» Records for this task:
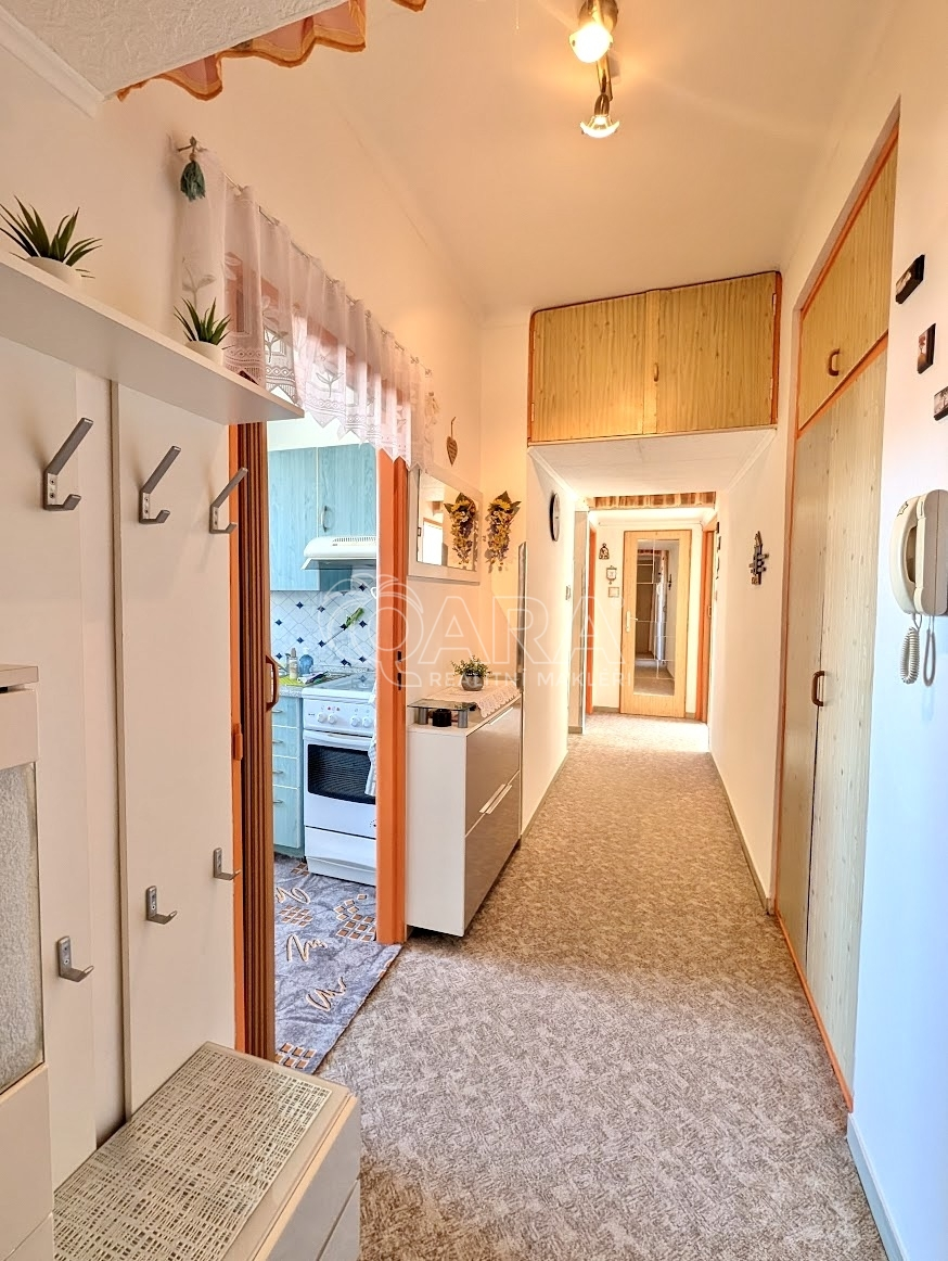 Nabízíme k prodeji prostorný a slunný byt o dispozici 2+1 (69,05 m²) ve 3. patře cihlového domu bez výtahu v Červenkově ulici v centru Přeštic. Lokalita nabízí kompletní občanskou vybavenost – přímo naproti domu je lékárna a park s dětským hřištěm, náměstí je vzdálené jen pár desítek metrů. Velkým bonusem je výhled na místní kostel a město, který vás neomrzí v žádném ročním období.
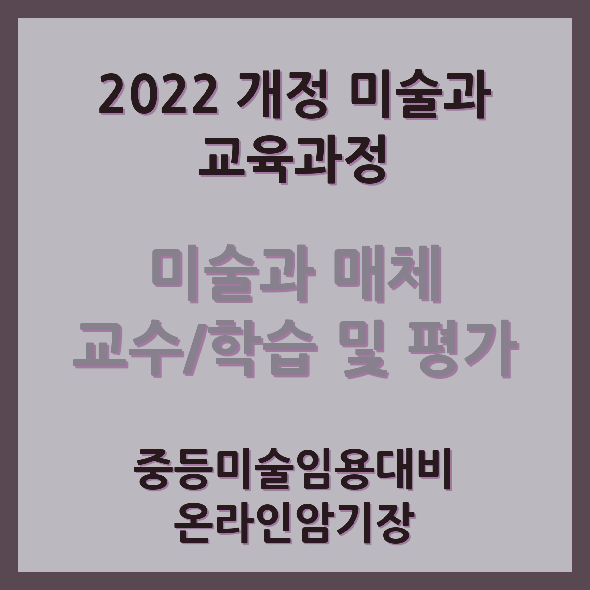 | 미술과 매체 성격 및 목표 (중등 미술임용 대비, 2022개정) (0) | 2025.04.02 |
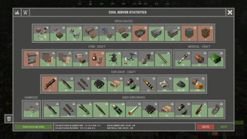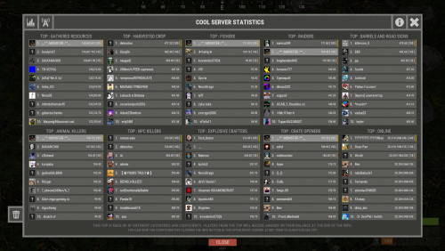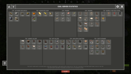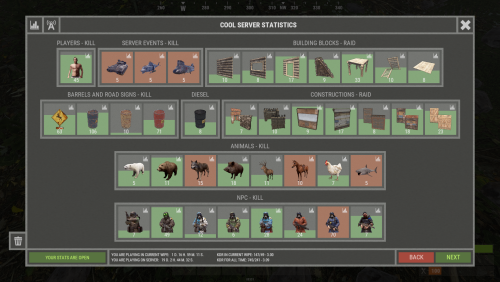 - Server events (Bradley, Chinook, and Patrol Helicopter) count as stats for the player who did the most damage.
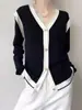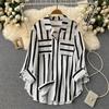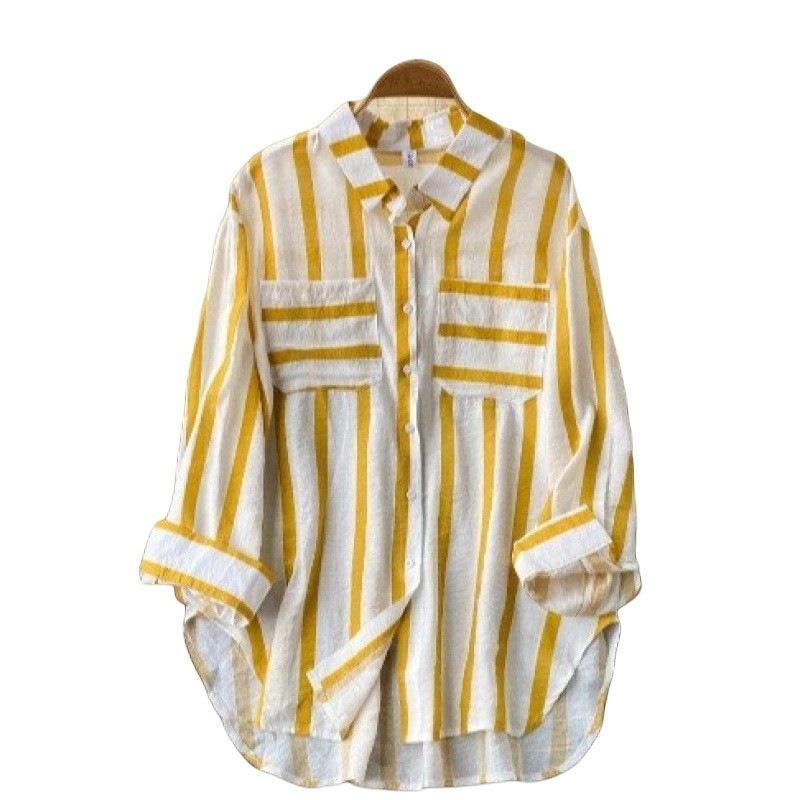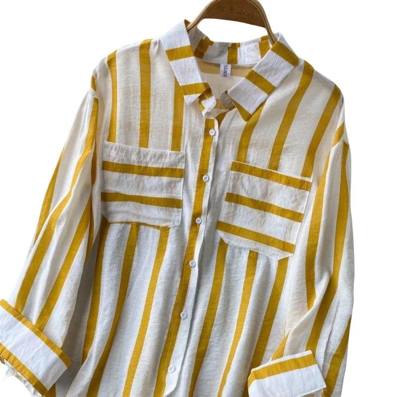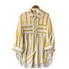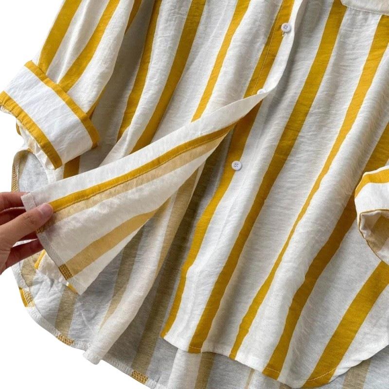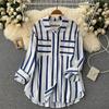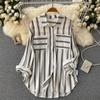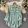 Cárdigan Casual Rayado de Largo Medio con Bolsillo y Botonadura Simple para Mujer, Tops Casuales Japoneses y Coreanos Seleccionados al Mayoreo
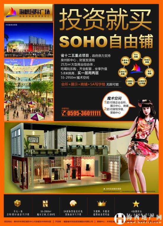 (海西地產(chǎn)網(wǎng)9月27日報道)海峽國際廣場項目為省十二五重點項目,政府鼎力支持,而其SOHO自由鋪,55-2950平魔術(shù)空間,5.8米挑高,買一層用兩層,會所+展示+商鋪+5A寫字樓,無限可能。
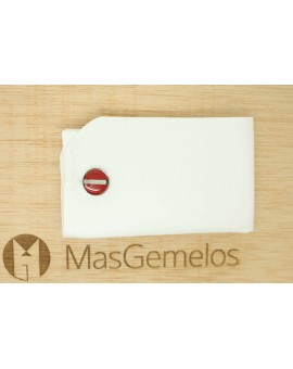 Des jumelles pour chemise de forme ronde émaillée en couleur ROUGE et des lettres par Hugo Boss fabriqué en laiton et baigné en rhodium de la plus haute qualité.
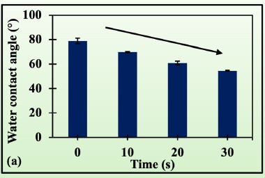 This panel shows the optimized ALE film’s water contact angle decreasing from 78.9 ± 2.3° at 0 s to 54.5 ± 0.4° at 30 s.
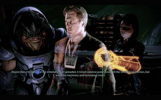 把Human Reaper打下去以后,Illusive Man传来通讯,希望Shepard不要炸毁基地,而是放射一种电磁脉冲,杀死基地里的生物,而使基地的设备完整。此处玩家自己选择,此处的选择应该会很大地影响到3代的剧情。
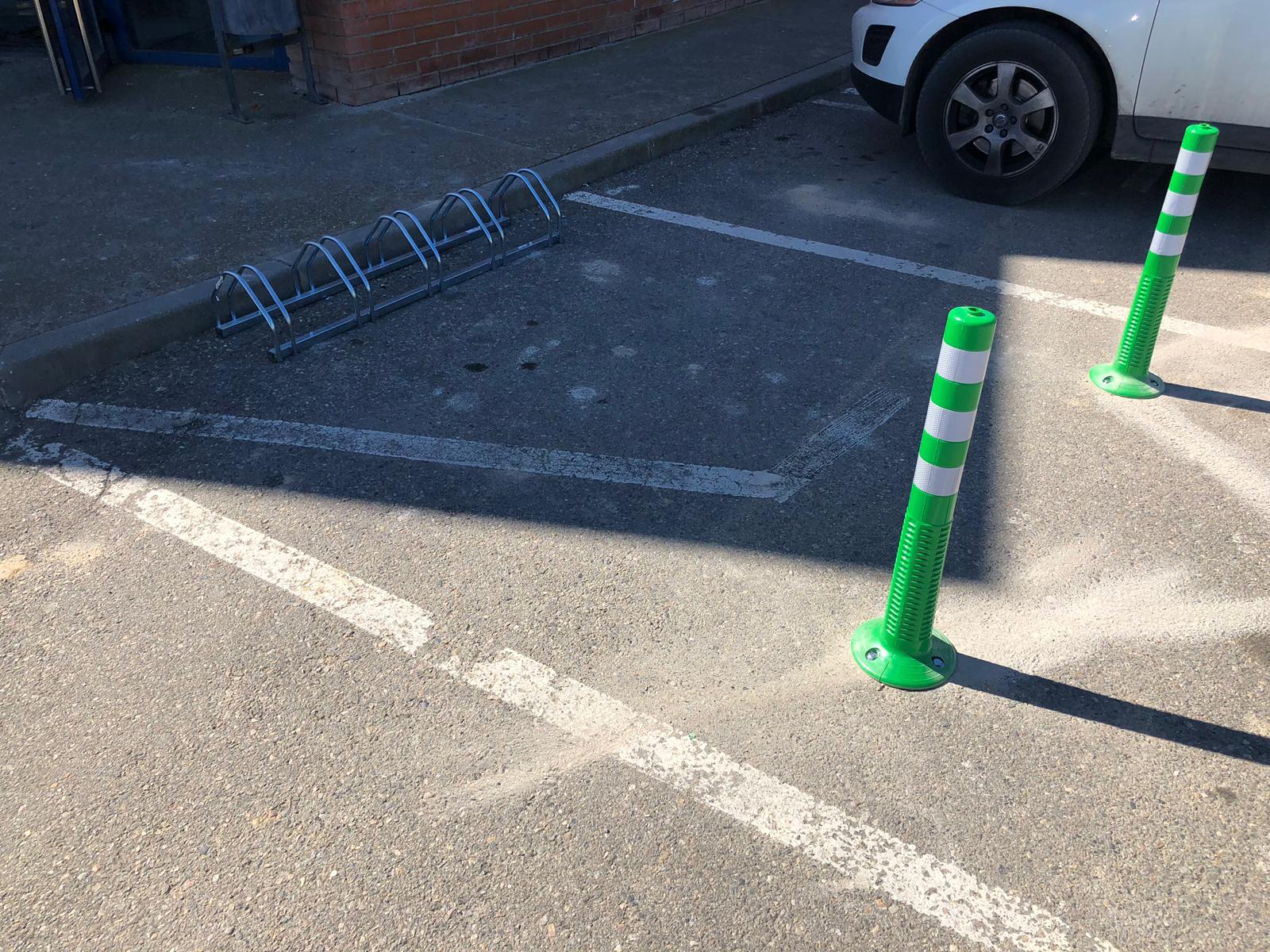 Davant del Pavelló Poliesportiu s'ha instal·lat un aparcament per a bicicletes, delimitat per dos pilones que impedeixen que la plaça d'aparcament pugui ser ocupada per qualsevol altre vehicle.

==

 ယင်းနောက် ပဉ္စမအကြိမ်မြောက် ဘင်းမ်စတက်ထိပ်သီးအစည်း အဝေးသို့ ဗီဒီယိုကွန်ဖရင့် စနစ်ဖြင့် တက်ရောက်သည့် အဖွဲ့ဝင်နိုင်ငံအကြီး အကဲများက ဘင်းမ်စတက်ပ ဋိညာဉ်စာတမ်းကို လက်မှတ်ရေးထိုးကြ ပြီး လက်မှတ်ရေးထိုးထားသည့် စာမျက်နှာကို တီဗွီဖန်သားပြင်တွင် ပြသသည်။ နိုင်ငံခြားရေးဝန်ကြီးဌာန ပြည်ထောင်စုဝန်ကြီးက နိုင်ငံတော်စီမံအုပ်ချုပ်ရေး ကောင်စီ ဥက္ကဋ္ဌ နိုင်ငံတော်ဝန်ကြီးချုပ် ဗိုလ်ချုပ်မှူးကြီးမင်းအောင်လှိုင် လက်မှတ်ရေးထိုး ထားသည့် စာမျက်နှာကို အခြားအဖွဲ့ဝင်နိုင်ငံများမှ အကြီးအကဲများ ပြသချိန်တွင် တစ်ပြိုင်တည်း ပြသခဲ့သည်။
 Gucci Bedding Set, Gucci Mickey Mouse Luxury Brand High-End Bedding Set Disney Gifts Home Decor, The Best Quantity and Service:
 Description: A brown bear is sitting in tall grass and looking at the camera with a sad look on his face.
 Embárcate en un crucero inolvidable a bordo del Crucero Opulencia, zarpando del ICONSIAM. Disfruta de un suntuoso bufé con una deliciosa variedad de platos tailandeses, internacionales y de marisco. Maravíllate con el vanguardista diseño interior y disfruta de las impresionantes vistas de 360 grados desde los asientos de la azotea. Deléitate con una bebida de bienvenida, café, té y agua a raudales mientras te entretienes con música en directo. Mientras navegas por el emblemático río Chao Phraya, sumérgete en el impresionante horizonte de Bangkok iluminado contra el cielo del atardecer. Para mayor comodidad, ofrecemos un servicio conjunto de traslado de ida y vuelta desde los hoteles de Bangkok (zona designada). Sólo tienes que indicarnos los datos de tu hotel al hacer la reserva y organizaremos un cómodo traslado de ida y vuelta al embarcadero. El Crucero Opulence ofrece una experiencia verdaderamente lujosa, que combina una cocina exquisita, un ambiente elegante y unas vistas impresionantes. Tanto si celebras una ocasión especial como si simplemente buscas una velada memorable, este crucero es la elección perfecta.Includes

» Task requirements:
Using the material above, transcribe exactly the lines from the one holding "Nabízíme k prodeji" to the one holding "- Server events", both ends kept. Do not carry over any pictures.

» Task answer:
 Nabízíme k prodeji prostorný a slunný byt o dispozici 2+1 (69,05 m²) ve 3. patře cihlového domu bez výtahu v Červenkově ulici v centru Přeštic. Lokalita nabízí kompletní občanskou vybavenost – přímo naproti domu je lékárna a park s dětským hřištěm, náměstí je vzdálené jen pár desítek metrů. Velkým bonusem je výhled na místní kostel a město, který vás neomrzí v žádném ročním období.
 | 미술과 매체 성격 및 목표 (중등 미술임용 대비, 2022개정) (0) | 2025.04.02 |
 - Server events (Bradley, Chinook, and Patrol Helicopter) count as stats for the player who did the most damage.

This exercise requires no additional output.